Your instructions | From the first line of the material below through the line containing "This technique creates", print every line exactly as it stands, but no pictures.

=== Raw data ===

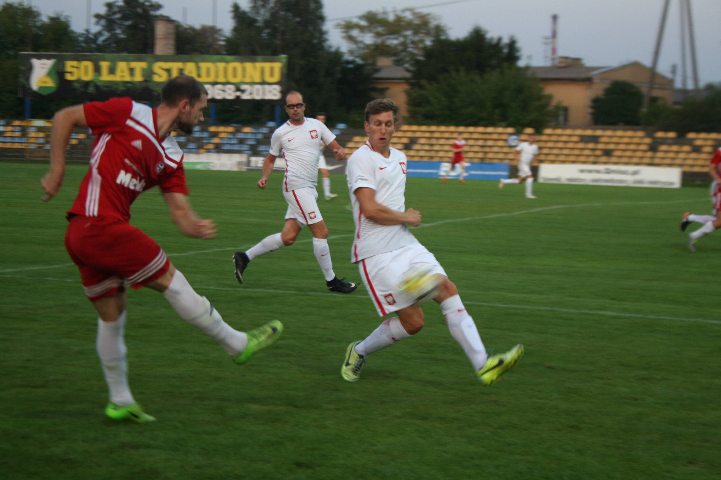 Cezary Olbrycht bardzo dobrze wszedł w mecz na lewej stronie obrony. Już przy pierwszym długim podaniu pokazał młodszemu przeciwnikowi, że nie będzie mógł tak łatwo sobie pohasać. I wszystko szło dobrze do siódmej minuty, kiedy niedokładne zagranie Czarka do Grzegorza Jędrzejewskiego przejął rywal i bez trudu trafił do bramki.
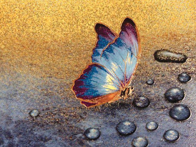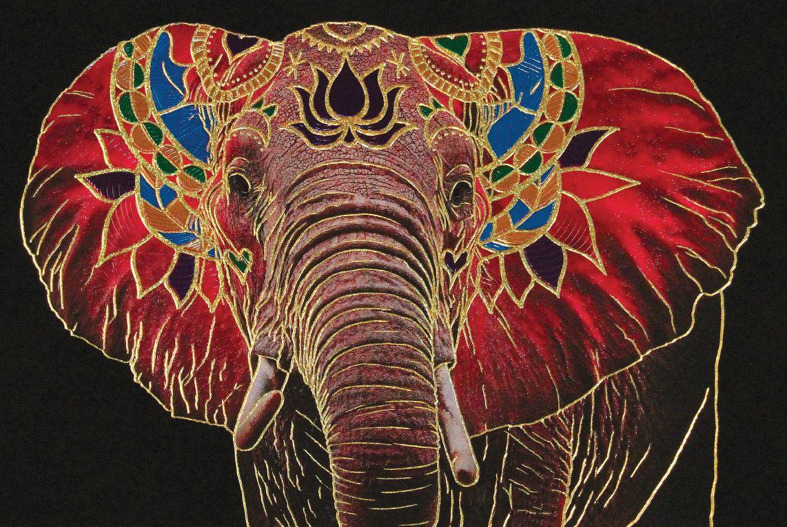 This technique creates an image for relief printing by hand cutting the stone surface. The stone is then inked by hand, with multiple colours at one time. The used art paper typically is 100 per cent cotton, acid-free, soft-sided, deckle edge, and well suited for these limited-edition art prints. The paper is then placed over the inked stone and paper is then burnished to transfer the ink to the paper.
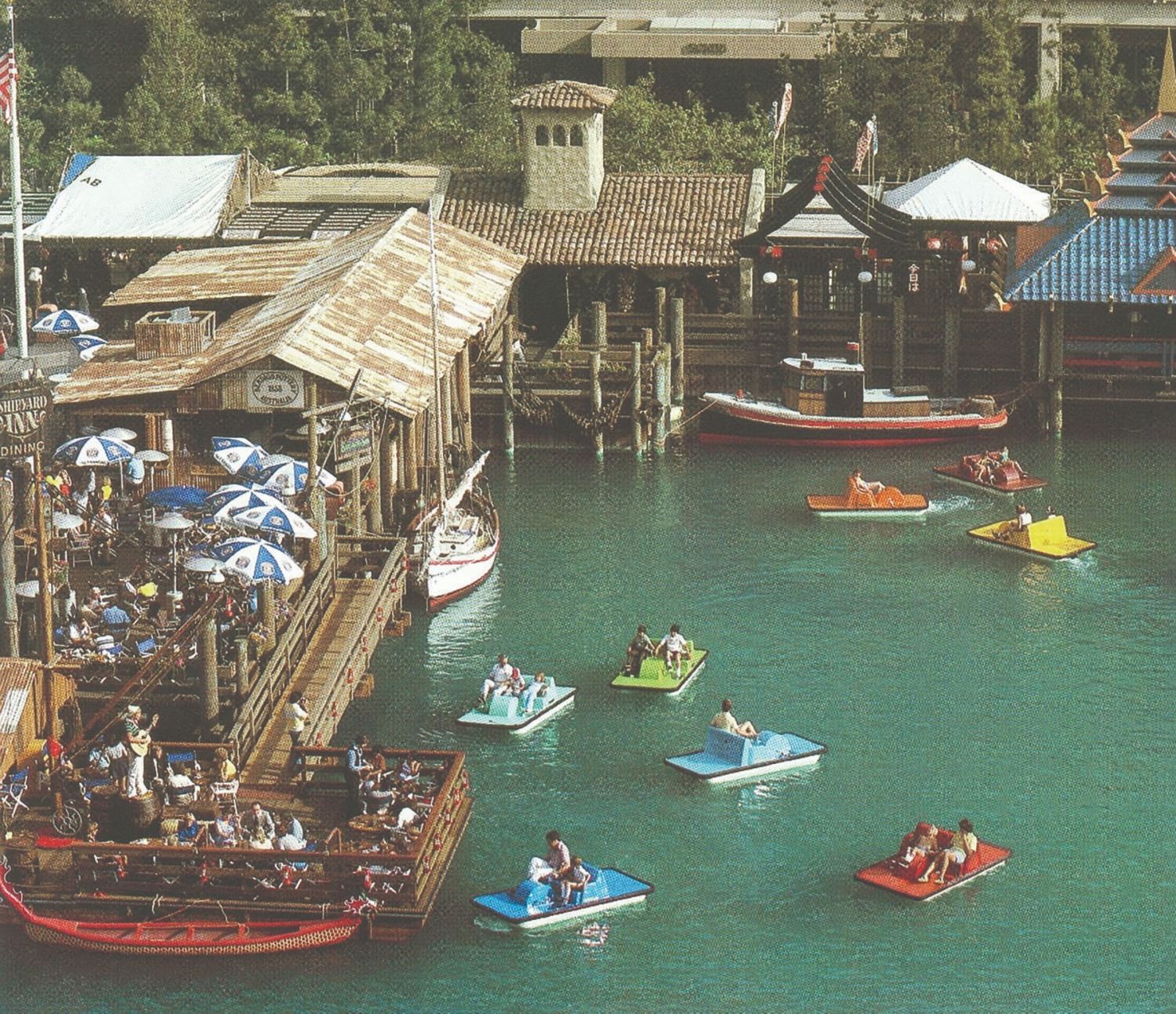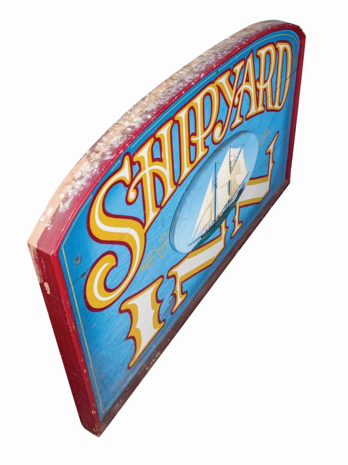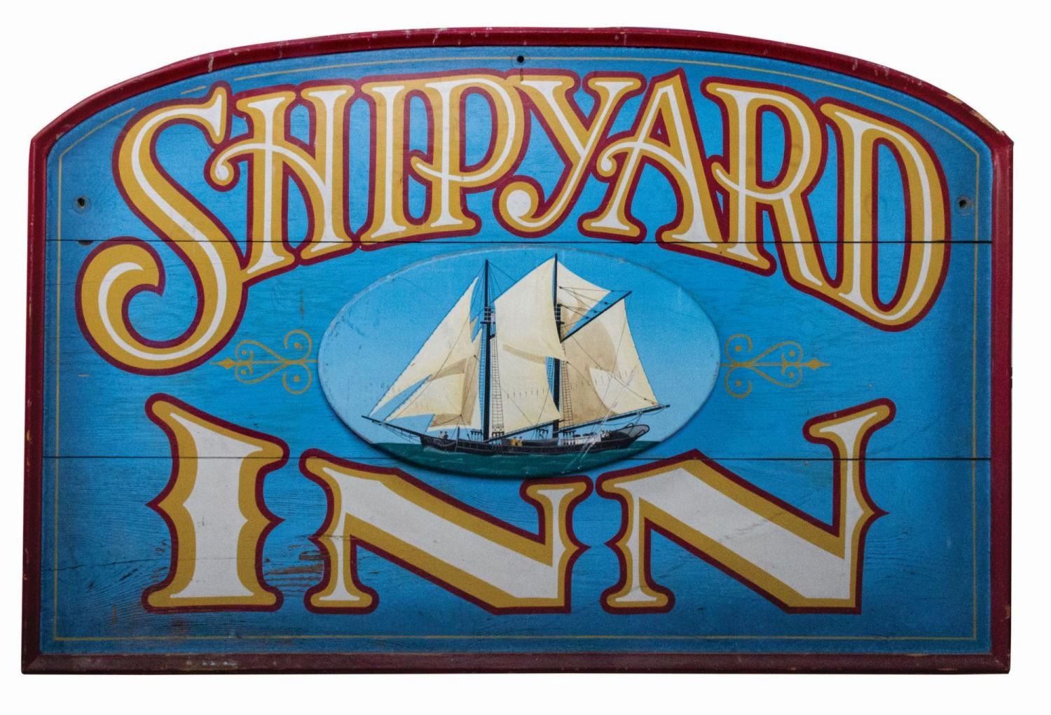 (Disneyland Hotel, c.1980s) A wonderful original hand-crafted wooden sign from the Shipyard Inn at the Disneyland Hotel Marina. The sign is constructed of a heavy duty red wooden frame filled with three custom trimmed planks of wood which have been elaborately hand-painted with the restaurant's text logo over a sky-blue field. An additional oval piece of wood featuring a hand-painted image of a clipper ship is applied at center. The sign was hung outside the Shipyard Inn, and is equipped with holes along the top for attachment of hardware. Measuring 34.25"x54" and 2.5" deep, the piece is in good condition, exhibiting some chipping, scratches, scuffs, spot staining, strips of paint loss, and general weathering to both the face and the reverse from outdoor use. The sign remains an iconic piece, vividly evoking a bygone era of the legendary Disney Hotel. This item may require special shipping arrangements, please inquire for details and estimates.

===

Written response |
 Cezary Olbrycht bardzo dobrze wszedł w mecz na lewej stronie obrony. Już przy pierwszym długim podaniu pokazał młodszemu przeciwnikowi, że nie będzie mógł tak łatwo sobie pohasać. I wszystko szło dobrze do siódmej minuty, kiedy niedokładne zagranie Czarka do Grzegorza Jędrzejewskiego przejął rywal i bez trudu trafił do bramki.
 This technique creates an image for relief printing by hand cutting the stone surface. The stone is then inked by hand, with multiple colours at one time. The used art paper typically is 100 per cent cotton, acid-free, soft-sided, deckle edge, and well suited for these limited-edition art prints. The paper is then placed over the inked stone and paper is then burnished to transfer the ink to the paper.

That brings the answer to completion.